## WHAT YOU WILL DO:
Retype nothing except the lines below from the one with "2000-2011年我國肉豬" through the one with "4. Put the pavlova", exactly, with images left out.

## INPUT DATA:
※
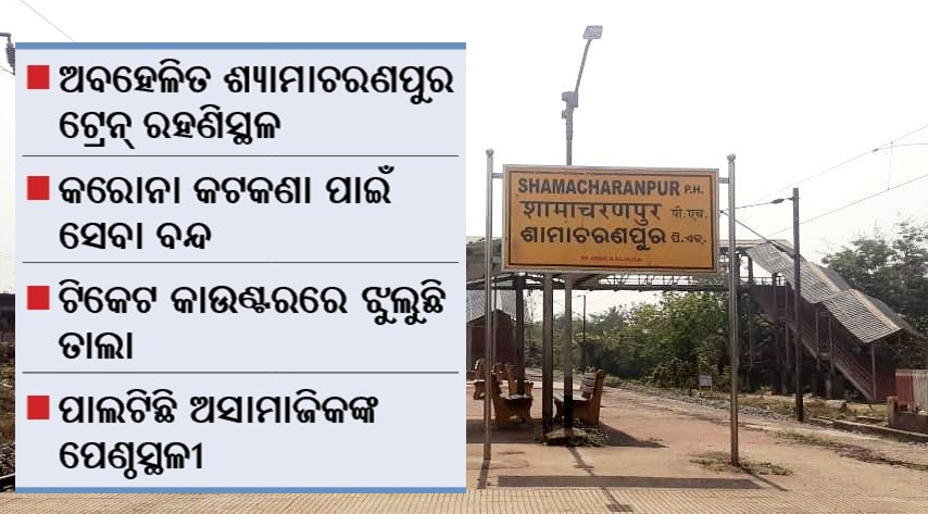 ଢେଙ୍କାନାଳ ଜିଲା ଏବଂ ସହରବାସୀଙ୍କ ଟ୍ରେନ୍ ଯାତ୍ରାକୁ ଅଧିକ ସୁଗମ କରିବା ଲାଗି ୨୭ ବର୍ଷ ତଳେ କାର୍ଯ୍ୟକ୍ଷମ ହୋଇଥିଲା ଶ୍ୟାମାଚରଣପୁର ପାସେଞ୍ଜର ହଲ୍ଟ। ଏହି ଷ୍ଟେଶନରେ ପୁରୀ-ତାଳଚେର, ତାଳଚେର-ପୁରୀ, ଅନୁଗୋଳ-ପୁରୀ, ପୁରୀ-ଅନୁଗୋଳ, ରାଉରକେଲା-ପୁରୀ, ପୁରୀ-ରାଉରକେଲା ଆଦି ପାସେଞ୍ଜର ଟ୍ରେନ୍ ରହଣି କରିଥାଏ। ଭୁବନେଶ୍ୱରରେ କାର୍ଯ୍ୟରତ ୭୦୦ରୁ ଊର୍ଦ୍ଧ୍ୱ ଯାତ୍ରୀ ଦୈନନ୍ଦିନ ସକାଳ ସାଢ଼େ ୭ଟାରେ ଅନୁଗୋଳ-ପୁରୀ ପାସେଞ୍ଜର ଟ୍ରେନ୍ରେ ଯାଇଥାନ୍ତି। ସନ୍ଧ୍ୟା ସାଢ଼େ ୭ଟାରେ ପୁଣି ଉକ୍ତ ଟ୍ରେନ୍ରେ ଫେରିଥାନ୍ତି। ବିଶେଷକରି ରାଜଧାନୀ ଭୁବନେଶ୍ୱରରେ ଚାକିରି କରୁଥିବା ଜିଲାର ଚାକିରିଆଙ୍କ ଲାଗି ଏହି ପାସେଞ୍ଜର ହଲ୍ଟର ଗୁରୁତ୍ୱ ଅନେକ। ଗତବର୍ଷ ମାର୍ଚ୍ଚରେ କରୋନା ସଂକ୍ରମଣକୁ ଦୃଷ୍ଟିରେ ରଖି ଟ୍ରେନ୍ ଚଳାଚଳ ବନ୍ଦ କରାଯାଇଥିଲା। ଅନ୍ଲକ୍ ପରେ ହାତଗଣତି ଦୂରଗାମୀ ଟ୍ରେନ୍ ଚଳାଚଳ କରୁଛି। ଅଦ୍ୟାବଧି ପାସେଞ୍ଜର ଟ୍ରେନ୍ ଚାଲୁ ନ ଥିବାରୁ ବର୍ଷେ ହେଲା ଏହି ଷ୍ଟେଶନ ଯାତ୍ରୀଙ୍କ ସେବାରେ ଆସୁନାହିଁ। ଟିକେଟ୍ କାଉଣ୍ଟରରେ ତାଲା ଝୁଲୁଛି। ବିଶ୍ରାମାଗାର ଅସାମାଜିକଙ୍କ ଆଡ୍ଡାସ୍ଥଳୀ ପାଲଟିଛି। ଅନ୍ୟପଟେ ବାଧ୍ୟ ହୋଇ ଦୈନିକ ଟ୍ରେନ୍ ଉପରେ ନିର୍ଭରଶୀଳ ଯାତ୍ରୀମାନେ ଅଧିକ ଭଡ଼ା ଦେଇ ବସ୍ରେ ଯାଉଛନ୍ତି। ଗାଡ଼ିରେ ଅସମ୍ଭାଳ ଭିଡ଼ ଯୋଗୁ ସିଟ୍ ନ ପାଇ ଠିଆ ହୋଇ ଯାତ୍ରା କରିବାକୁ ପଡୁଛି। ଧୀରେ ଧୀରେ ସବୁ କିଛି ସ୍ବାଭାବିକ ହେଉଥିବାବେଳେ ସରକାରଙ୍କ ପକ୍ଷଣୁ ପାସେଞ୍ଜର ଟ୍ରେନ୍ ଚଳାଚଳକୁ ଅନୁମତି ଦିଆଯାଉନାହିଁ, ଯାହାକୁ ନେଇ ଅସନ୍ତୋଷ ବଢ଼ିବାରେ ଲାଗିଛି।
※
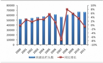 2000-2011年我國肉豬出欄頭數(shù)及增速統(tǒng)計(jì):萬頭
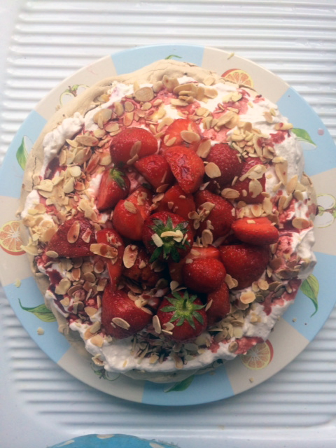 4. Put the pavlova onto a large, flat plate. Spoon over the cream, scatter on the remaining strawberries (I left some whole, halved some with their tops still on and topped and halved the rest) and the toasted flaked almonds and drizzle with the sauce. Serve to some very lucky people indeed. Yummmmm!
※
## SOLUTION:
 2000-2011年我國肉豬出欄頭數(shù)及增速統(tǒng)計(jì):萬頭
 4. Put the pavlova onto a large, flat plate. Spoon over the cream, scatter on the remaining strawberries (I left some whole, halved some with their tops still on and topped and halved the rest) and the toasted flaked almonds and drizzle with the sauce. Serve to some very lucky people indeed. Yummmmm!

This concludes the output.